O problema, no entanto, é que também nunca se percebe qual o rumo que o filme pretende adoptar. Este carácter aleatório e descoordenado do argumento é compensado por um ritmo suficientemente entusiasmante que nunca deixa "Adriana" cair no tédio, mas não impede que o filme possua muitos altos e baixos (os segundos bem mais regulares).

Os desequilíbrios evidenciam-se logo nos diálogos, que tanto podem ser competentes e até divertidos como insuportavelmente pretensiosos quando tentam ser literários e injectam referências culturais forçadas (como numa das últimas, e mais penosas cenas, com as supostas madames da alta sociedade).
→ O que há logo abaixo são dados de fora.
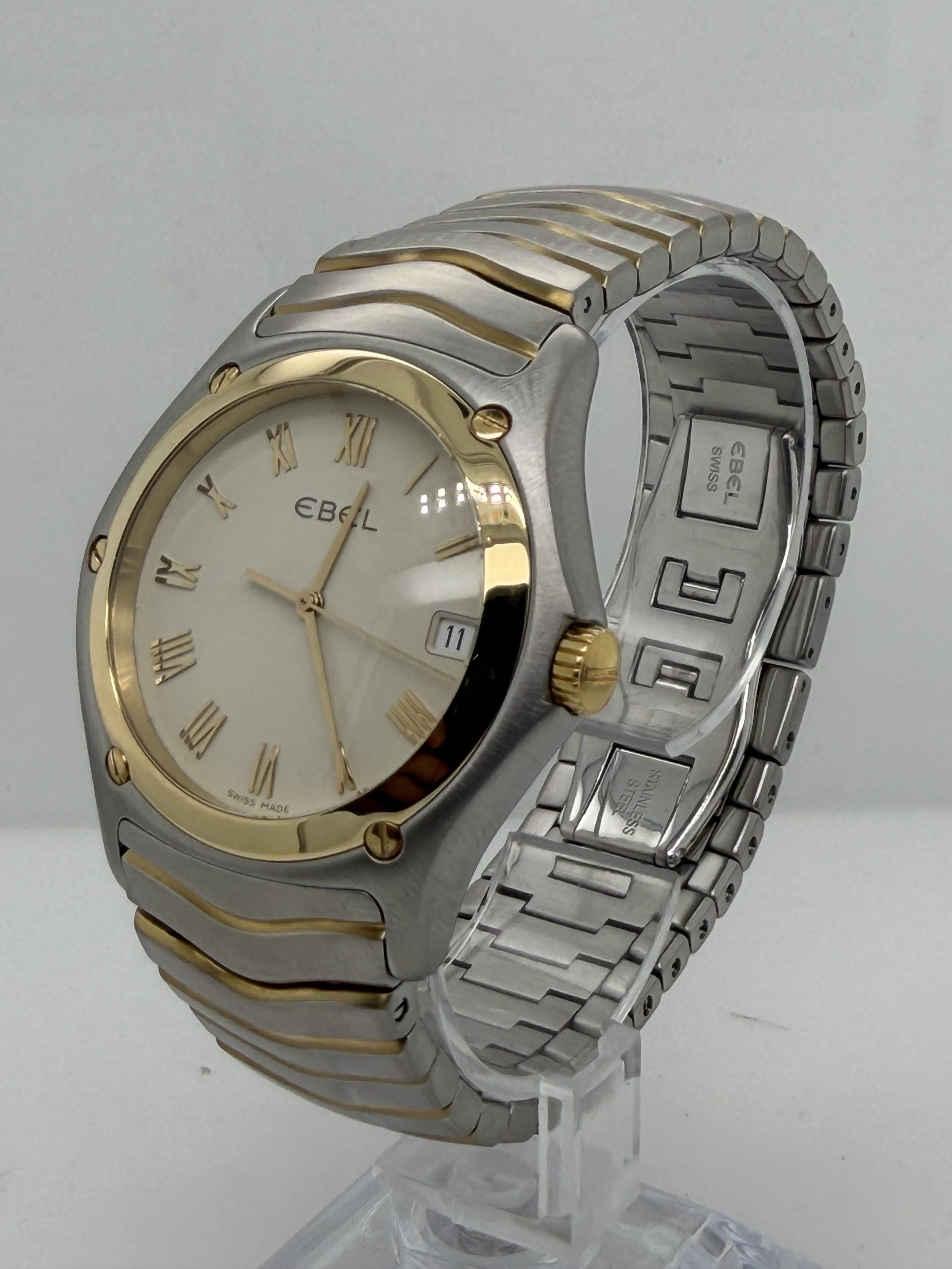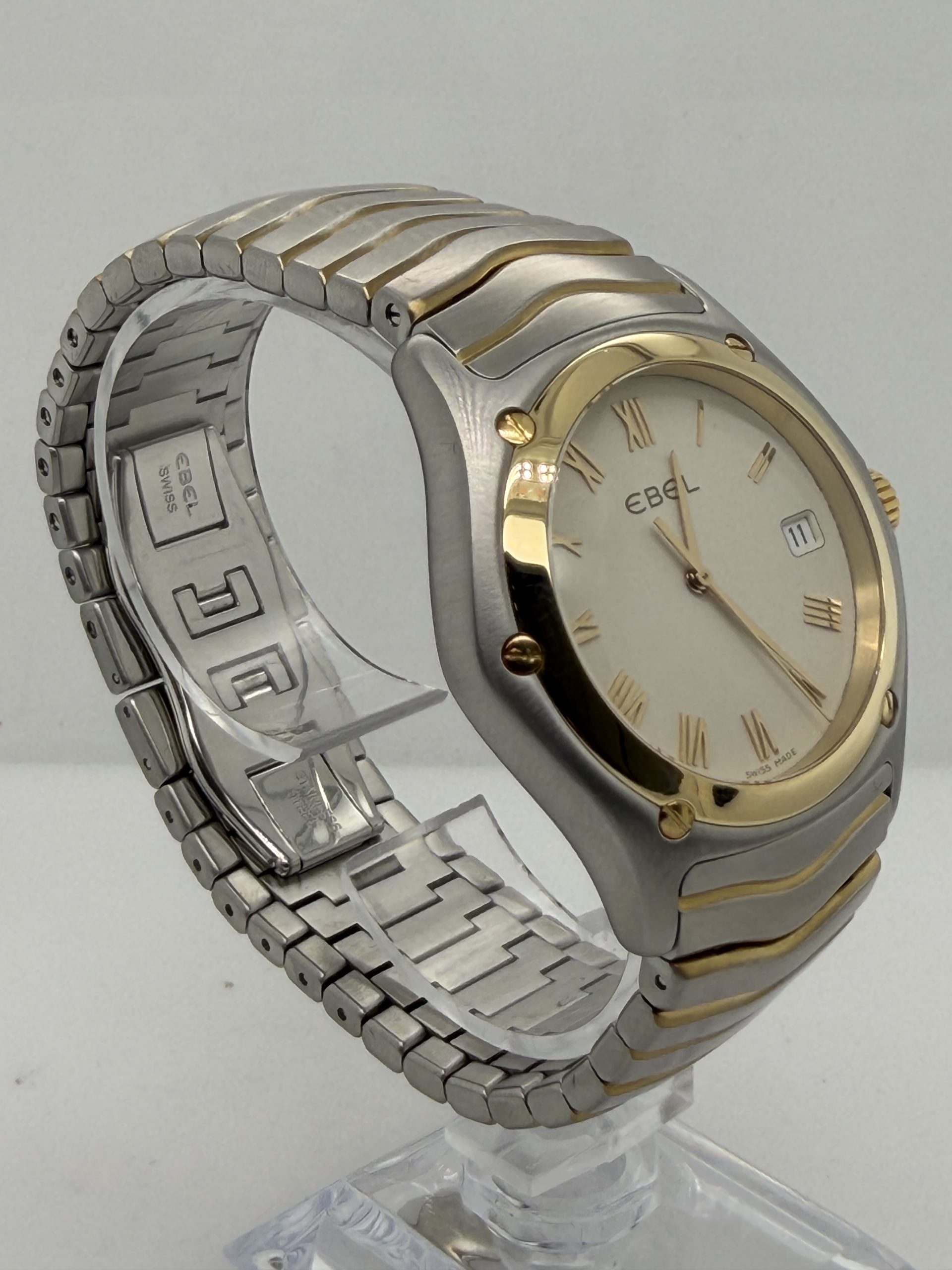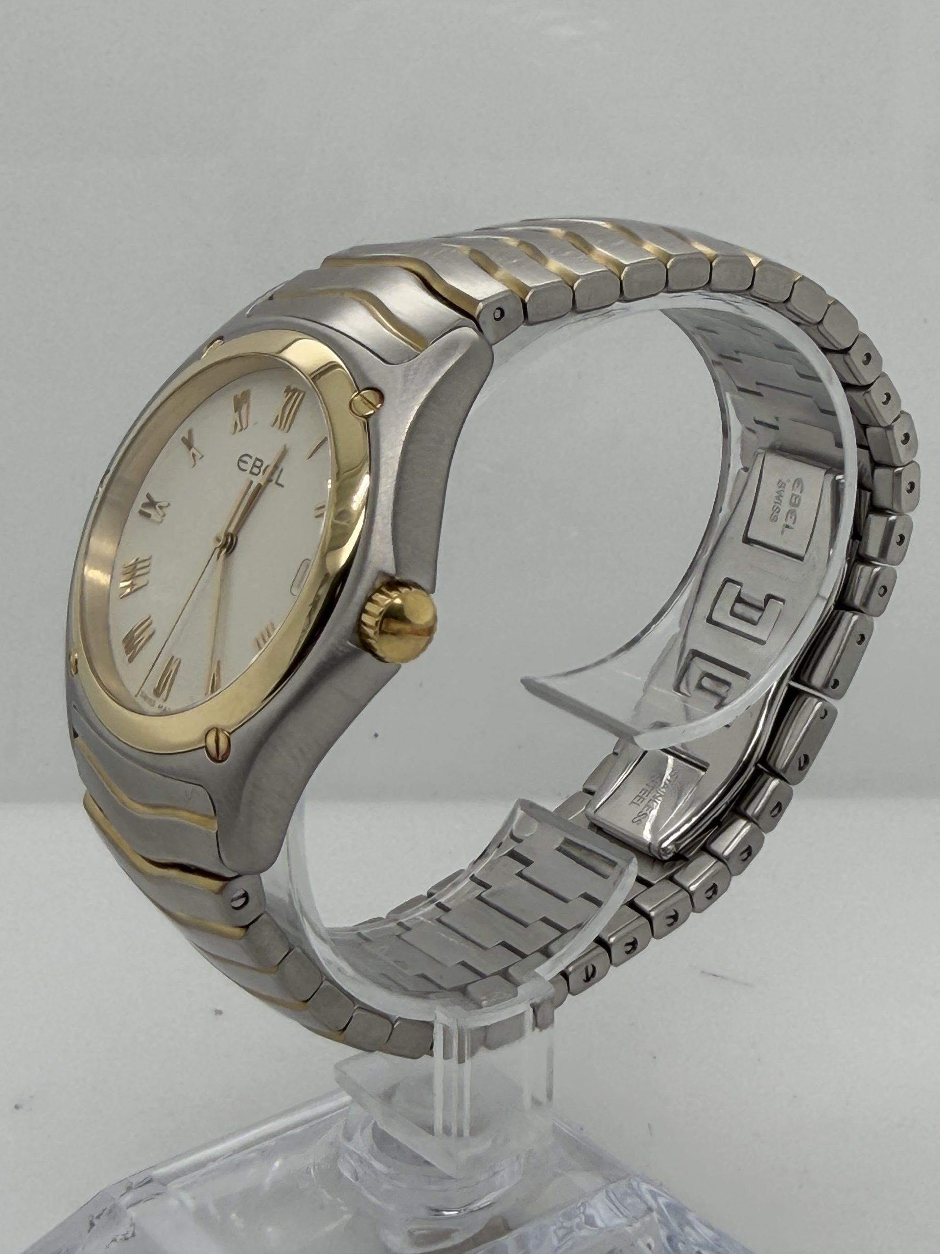 De Ebel Classic Wave met referentie E1187F41 is een elegant sportief dress horloge met het typische Ebel design een geïntegreerde ‘wave’ band in combinatie van roestvrij stalen en 18k geelgoud .De kast is 38-40 mm en heeft een Quartz uurwerk , saffierglas , champagne kleurige wijzerplaat met Romeinse cijfers en datum aanduiding ,dubbele verborgen vouwsluiting ,tijdloos ontwerp komt met onze winkel factuur voor de prijs van €2265
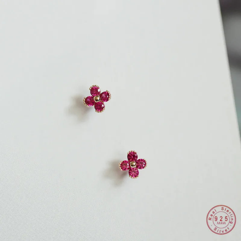 Boucles d'oreilles à tige en argent sterling 925 plaqué or 14 carats avec zircon rouge et jolies petites fleurs pour femme, bijoux de mariage, cadeau
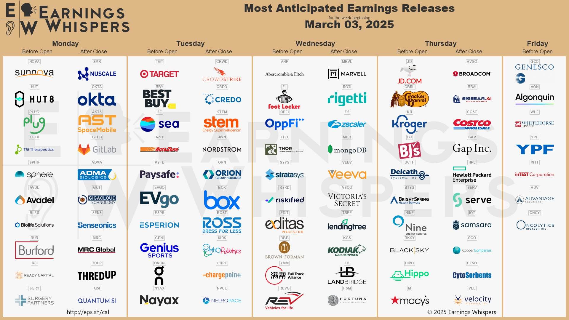 The earnings I am watching closely are: TGT 0.00%↑. KR 0.00%↑, & COST 0.00%↑. The performance and guidance from these two companies can provide insight on how consumers are projected to spend their money.

A construção das personagens é pouco conseguida e nunca vai além da caricatura, que se por vezes até tem alguma graça (casos do transformista Saturnino ou do precoce Amadeu) nunca possibilita uma tensão dramática considerável. O elenco é também desigual, embora Ana Moreira volte a demonstrar os talentos interpretativos que a tornam numa das mais promissoras jovens actrizes nacionais, mesmo que as limitações da sua personagem não lhe possibilitem gerar uma prestação tão brilhante e magnética como a que ajudou a fazer de "Os Mutantes", de Teresa Villaverde, uma obra tão marcante. O trabalho de realização é competente e adequado à mescla de tons realistas e fantasiosos, e as belas paisagens açorianas são especialmente bem enquadradas.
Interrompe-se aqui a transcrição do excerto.